IRC [11:21] <frankie> Dossy: hi
IRC [11:21] <frankie> Dossy: do you remember about the amd64 linuxthreads problem on debian?
IRC [11:22] <frankie> i just patched to check for __x86_64__ to manage the thing, i could followup to bugs on sf.net if you like so
IRC [11:24] <Dossy> frankie: IS that really the right fix though?
IRC [11:24] <Dossy> I'm still concerned that this is a problem with Debian in some way --
IRC [11:24] <Dossy> why does the ia32 build of LinuxThreads have the function, but not the ia64 build?
IRC [11:25] <Dossy> not LinuxThreads, but NPTL rather.
IRC [11:25] <Dossy> NPTL 0.60 to remain backwards-compatible with LinuxThreads defines the symbol and the function should be a no-op.
IRC [11:37] <frankie> dunno, i'm not an arch expert
IRC [11:38] <frankie> i know only that function is obsolete nowdays, probably it's around for compatibility in debian lib
IRC [11:39] <frankie> i'll follow your question to debian-glibc
IRC [11:51] <Dossy> please do --
IRC [11:52] <Dossy> as I said in my reply to your email, I'm running glibc 2.3 and NPTL 0.60, but I have that symbol while you don't
IRC [11:52] <Dossy> to me, that's a debian-specific problem, likely
IRC [11:54] <frankie> but your build is not an amd64, isn't it?

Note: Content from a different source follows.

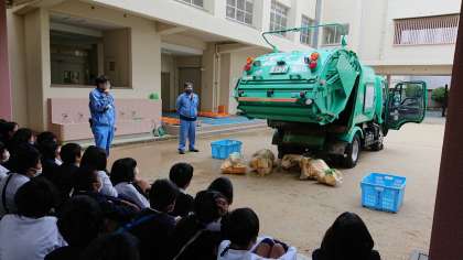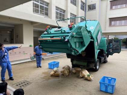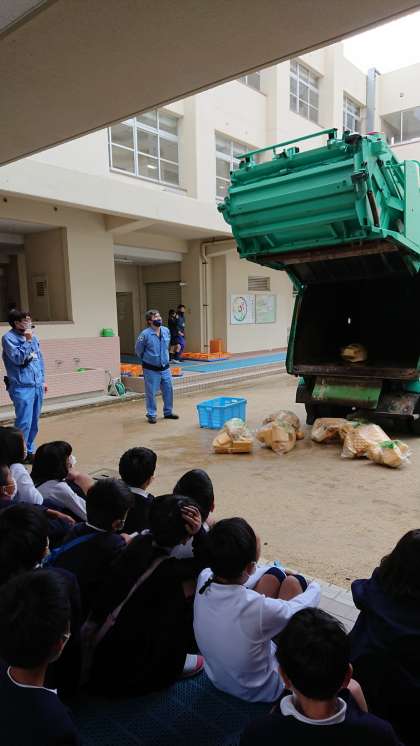 環境事業局の方々に来ていただき、出前授業をしていただきました。

IRC [11:55] <frankie> that's currently an unsupported version in debian
IRC [11:55] <Dossy> no
IRC [11:55] <Dossy> my build is ia32
IRC [11:55] <frankie> unfortunately that's a amd64 specific issue
IRC [11:55] <Dossy> right
IRC [11:55] <Dossy> and what I'm saying is, it means the amd64 build is broken, not AOLserver
IRC [11:56] <Dossy> if they've done some debian-specific hackery to glibc that removed that symbol, then they need to "fix" that
IRC [11:56] <Dossy> esp. for the amd64 platform kind of thing
IRC [11:56] <frankie> i don't know really why amd64 is using that kind of implementation
IRC [11:56] <frankie> anyway i'll ask to libc people
IRC [11:58] <Dossy> please do - i'm interested to know what the actual story is here
IRC [11:58] <Dossy> i mean, if i go and download the regular glibc 2.3 source, and grep for pthread_kill_other_threads_np() ... will I find it defined as a no-op?
IRC [11:59] <Dossy> if so, then the debian amd64 build of glibc is broken if it doesn't define that symbol
IRC [11:59] <Dossy> does that make sense?

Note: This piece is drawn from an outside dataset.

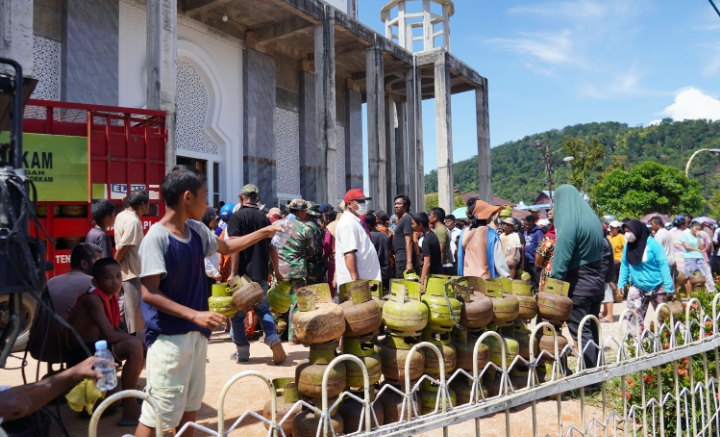 ANTRE : Warga Tapanuli Tengah sedang mengantre gas rumah tangga 3Kg di Masjid Agung Al-Muslimin di Pandan, Tapteng, Rabu (3/12). Ini merupakan pasokan gas rumah tangga pertama di Tapteng setelah banjir dan longsor melanda wilayah ini sejak 26 November 2026. Terlihat dua truk gas rumah tangga tiba di Pandan siang hari dan langsung diserbu warga sekitar. (DISKOMINFO SUMUT)

IRC [12:00] <Dossy> although google'ing around seems to indicate that newer glibc may not define pthread_kill_other_threads_np() at all -- that would be interesting
IRC [12:01] <Dossy> However, on my box running libc6 2.3.2, I definitely see it:
IRC [12:01] <Dossy> # nm -A /lib/tls/libpthread-0.60.so | grep pthread_kill_other_threads_np
IRC [12:01] <Dossy> /lib/tls/libpthread-0.60.so:0000ab30 t __pthread_kill_other_threads_np
IRC [12:02] <Dossy> /lib/tls/libpthread-0.60.so:0000ab30 T pthread_kill_other_threads_np@GLIBC_2.0
IRC [12:02] <Dossy> So, without a doubt, at least the Debian libc6 2.3.2.ds1-18 package definitely defines that symbol.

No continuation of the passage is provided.